Yay! Looks great!. You won't regret it. So much easier to take care of.
Love your decor, but do keep an eye on it for any kind a paint leaching. Just a safety precaution.
I really love it though.


----------



## TerriGtoo (Jul 2, 2013)

I use PP Cascade 100 on my larger tanks. you might want to try a smaller one as even with the flow turned all the way down it may still be too strong Spec 5. I have some of the Cascade 20's as well for my smaller tanks and they do a good job. Cascade 20's are hard to come by however. My filter of choice for my 3 gallon tanks is the Deep Blue Nano (Biomaxx) filter.




latentimage said:


> After reading your posts, I think removal of the partition is the only way. I am looking at ordering a Penn Plax Cascade 100. Says it's good for up to 20 gallons. Is this a good choice?
> 
> Thanks again!


----------



## latentimage (Jun 29, 2014)

Well, I got the C2 in this morning, and I got it up and running. Rex was fully recovered, so I introduced him back into the tank with it. He loves it! No problems with the water flow, and the tank is sparkling. I am in the process of setting up a 3 way divided 10 gallon for some bettas I'm getting from Thailand, and I'm going to order the same filter for that too. In my opinion, the C2 is very betta friendly and a fantastic price. If anyone is interested in getting one, check Amazon.

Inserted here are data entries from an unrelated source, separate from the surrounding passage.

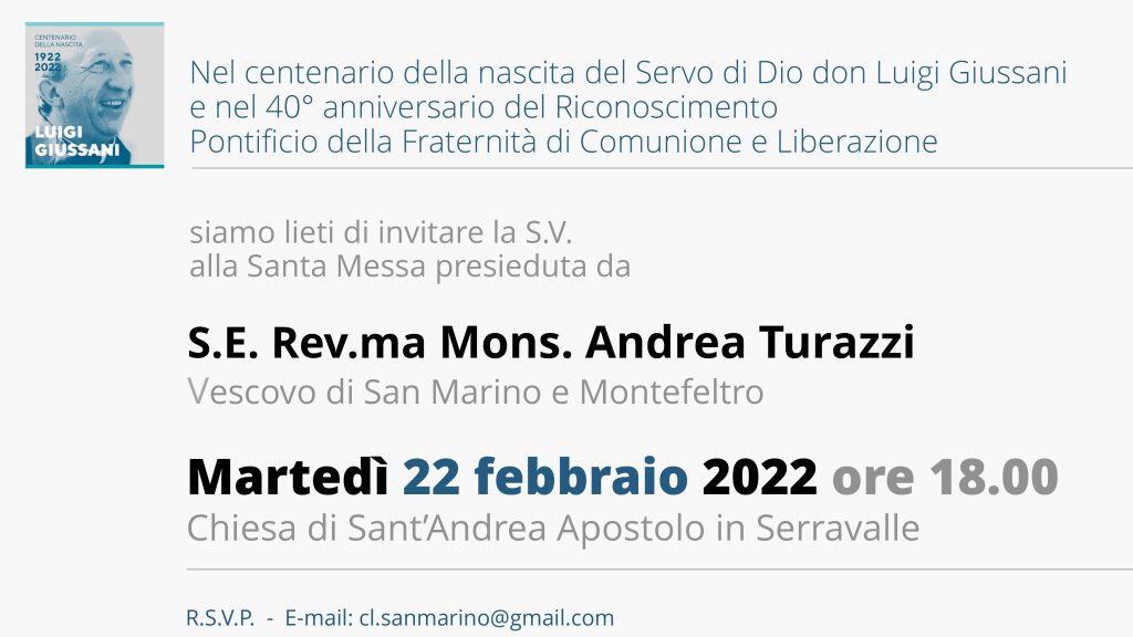 Martedì 22 febbraio alle ore 18 la Fraternità di Comunione e Liberazione festeggia un anniversario molto significativo con una S.Messa presieduta dal Vescovo Andrea presso la parrocchia di Serravalle (RSM)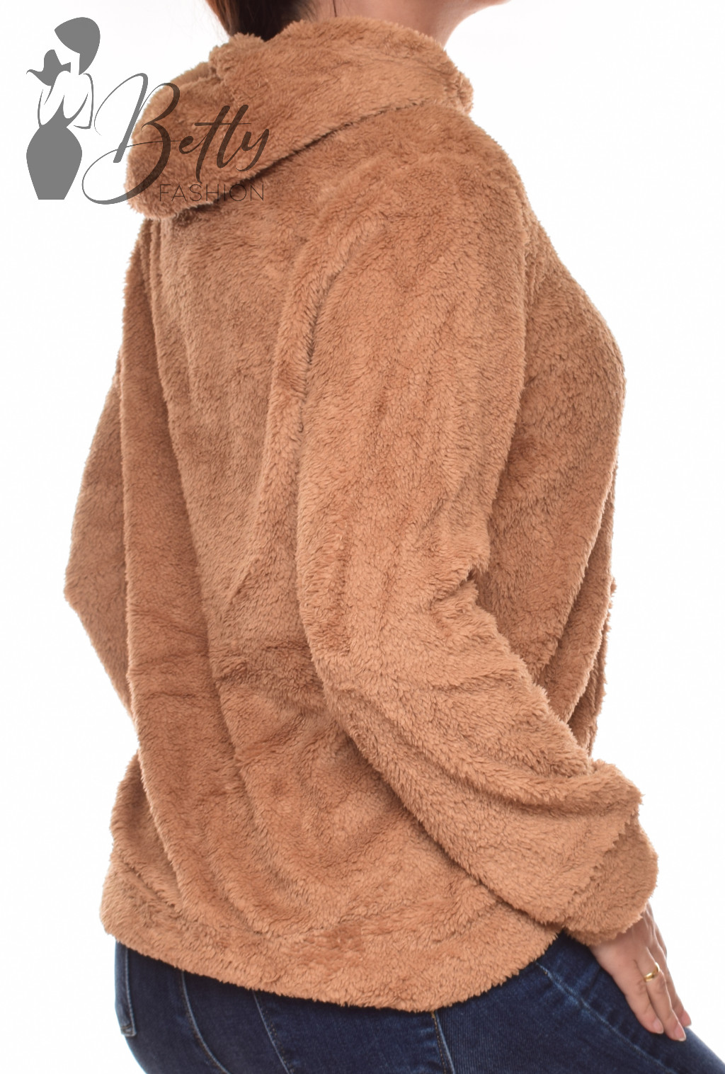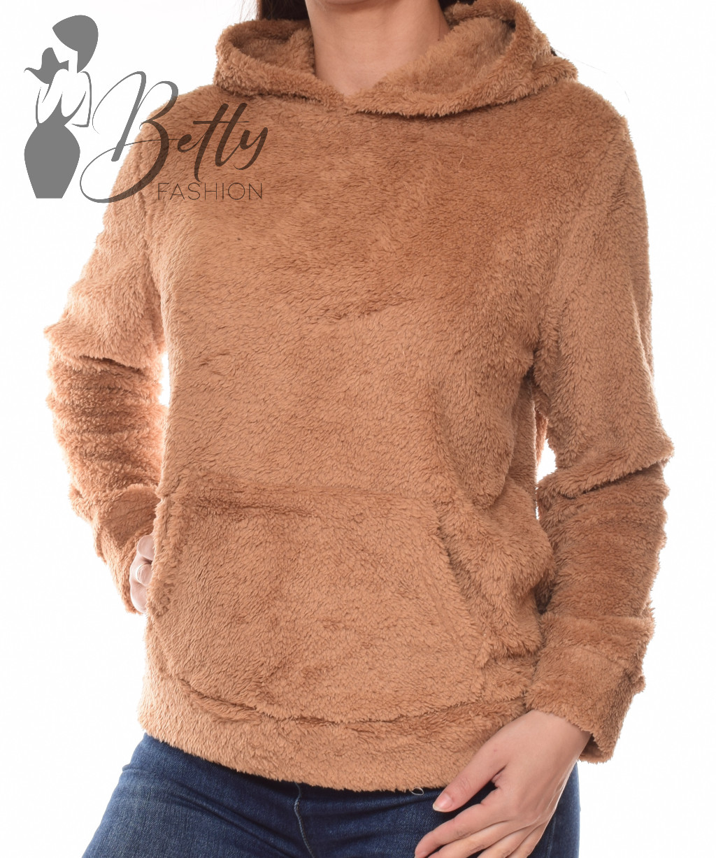 Barna színű, szőrmés pulóver L/XL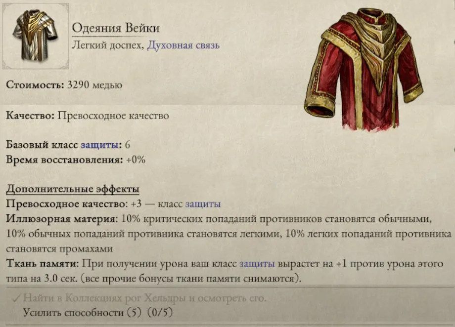«Одеяние Вейки» – усилить способности (усиливал способности владельца, пытался усилить другим – ноль эффекта, улучшить не удалось).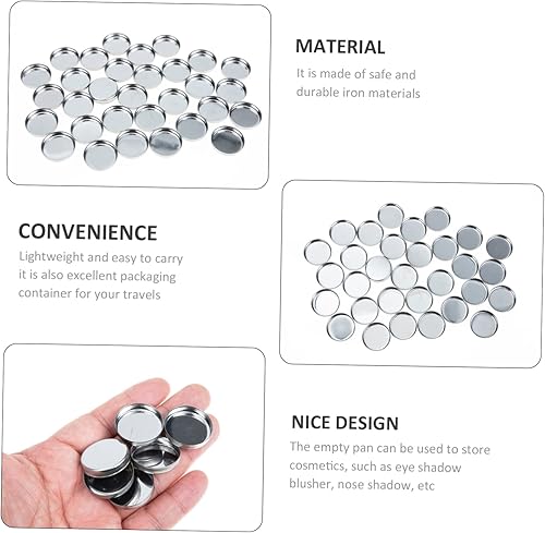 30pcs Empty Round Metal Pans for Diy Cosmetics Versatile Makeup Accessory for Eyeshadow Blusher Highlighter Lightweight and Portable Aluminum Containers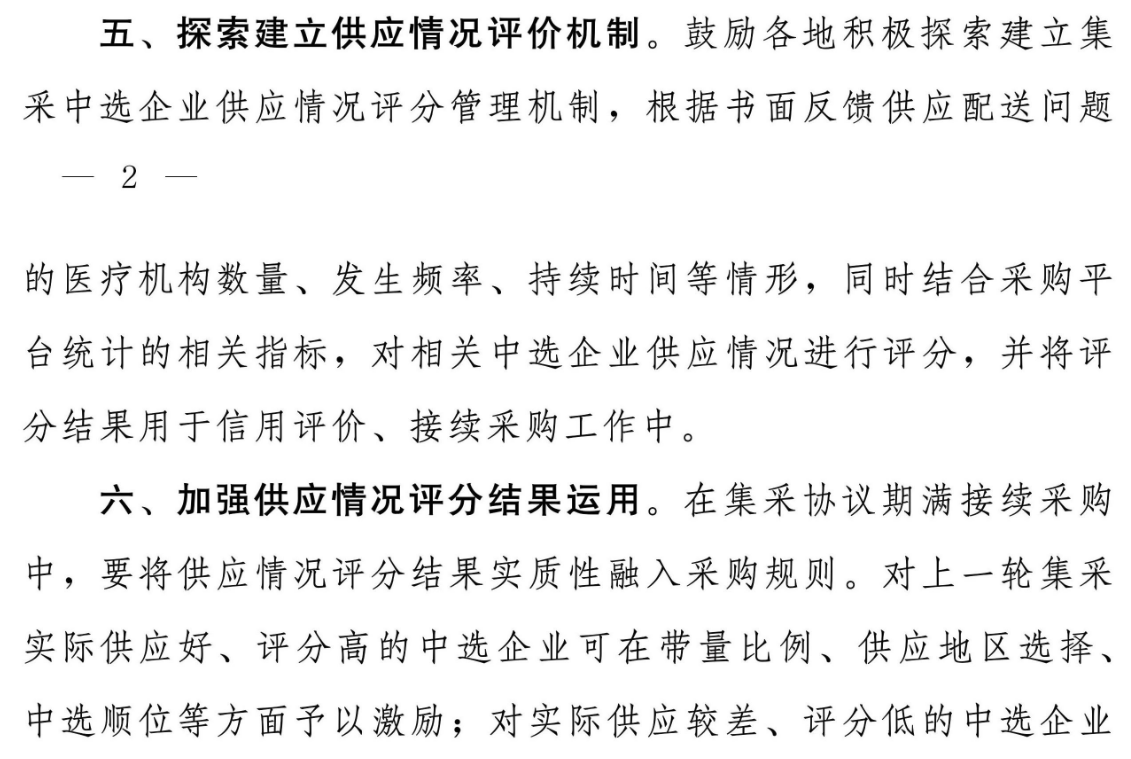 《通知》提出,鼓勵各地積極探索建立集采中選企業供應情況評分管理機制,根據書面反饋供應配送問題的醫療機構數量、發生頻率、持續時間等情形,同時結合采購平臺統計的相關指標,對相關中選企業供應情況進行評分,并將評分結果用于信用評價、接續采購工作中。

Rex still doesn't trust the end of the tank that used to have the partition for the filter. He goes close to it, but just kind of sits there. I can tell he's thinking things just aren't quite right. I've added some plants in that area, and I hope he will eventually try them out and enjoy them. Hopefully soon! Thanks again to everyone for their help! I'm just so happy he's healthy again, and that the changes I made to the tank should prevent future illness. I did the math, and it's been almost 2.5 years since I bought Rex. Hopefully he grows much older!


----------



## mart (Dec 18, 2013)

latentimage said:


> Well, I got the C2 in this morning, and I got it up and running. Rex was fully recovered, so I introduced him back into the tank with it. He loves it! No problems with the water flow, and the tank is sparkling. I am in the process of setting up a 3 way divided 10 gallon for some bettas I'm getting from Thailand, and I'm going to order the same filter for that too. In my opinion, the C2 is very betta friendly and a fantastic price. If anyone is interested in getting one, check Amazon.
> 
> Rex still doesn't trust the end of the tank that used to have the partition for the filter. He goes close to it, but just kind of sits there. I can tell he's thinking things just aren't quite right. I've added some plants in that area, and I hope he will eventually try them out and enjoy them. Hopefully soon! Thanks again to everyone for their help! I'm just so happy he's healthy again, and that the changes I made to the tank should prevent future illness. I did the math, and it's been almost 2.5 years since I bought Rex. Hopefully he grows much older!


Great! I knew you would love the C2.
As far as him not going back in that area. Gideon did that too for a while, and then he did eventually venture back there.
Hope all goes well for you. Glad I could help!


----------